MBS are not the same as sub-prime loans. Rating a MBS as AAA is not the same as rating a loan AAA.

You just fundamentally refuse to learn anything about the situation so you remain confused and ignorant.

The heart of the crisis was not sub-prime loans mandated by the CRA. The heart of the crisis was the MBS that hid that risk which lead to a large increase of sub-prime loans beyond the mandates of CRA. There is no doubt that the market failure was a result of bad decisions made at F&F. Those same bad decisions were made at the ratings agencies and the financial institutions buying and pricing MBS.

A MBS isn't just some corn flakes you buy at Wal Mart. The financial institutions that are involved are committing billions of dollars to a purchase. They are the ones that are establishing the price of these MBS which in turn establishes the rating.

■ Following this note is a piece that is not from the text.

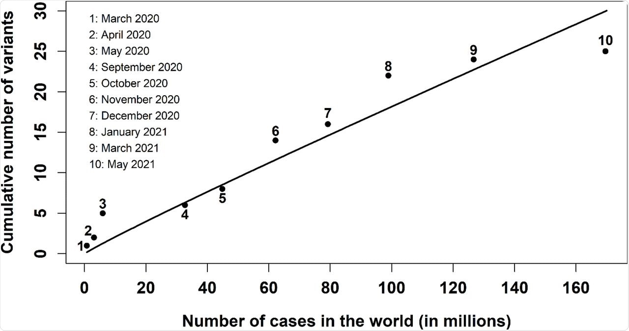 In a recent study published on the preprint server medRxiv*, researchers fit data on the most relevant SARS-CoV-2 variants according to the WHO by exploiting a function that exclusively depends on the global number of infected cases since the start of the pandemic. Their fit permits fairly accurate estimation of the number of relevant SARS-CoV-2 variants that can emerge for a particular number of infected individuals around the world. This new approach can also predict the number of new relevant variants per ten million cases in any epidemiological situation.
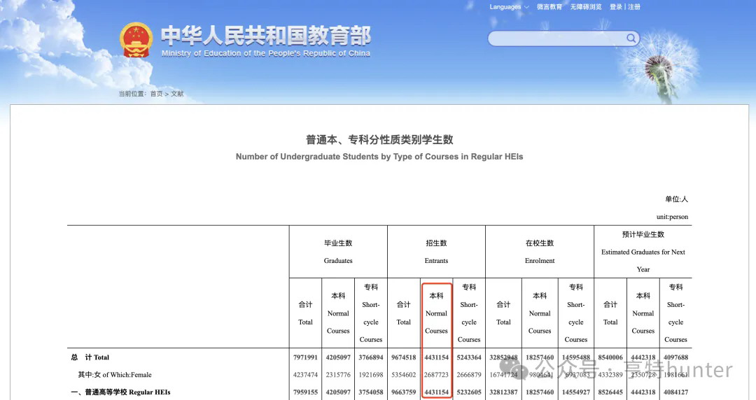 本着求真务实的态度,我去教育部官网看了下原始数据,我只找到了 2020 年的数据,2020 年本科招生女生是 269 万,总人数是 443 万,对应男生是 174 万,本科招生的男女比例是 1:1.55。

Regulations that should have helped are ones involved in the creation of the loans in the first place, the regulation of F&F which would have helped establish their risk, and the regulation of the holders of the MBS to establish their risk. There was widespread regulatory failure by the government.

By the way MBS do help manage the risk of sub-prime loans. The problem was that the formula used couldn't react to the massive price bubble and the demand for sub-prime loans increased so drastically that the regulations concerning the loan creation process decreased below what it should have been.

I think there is a very fundamental misunderstanding of what Mortgage Backed Securities actually are and why the government had nothing to do with their creation.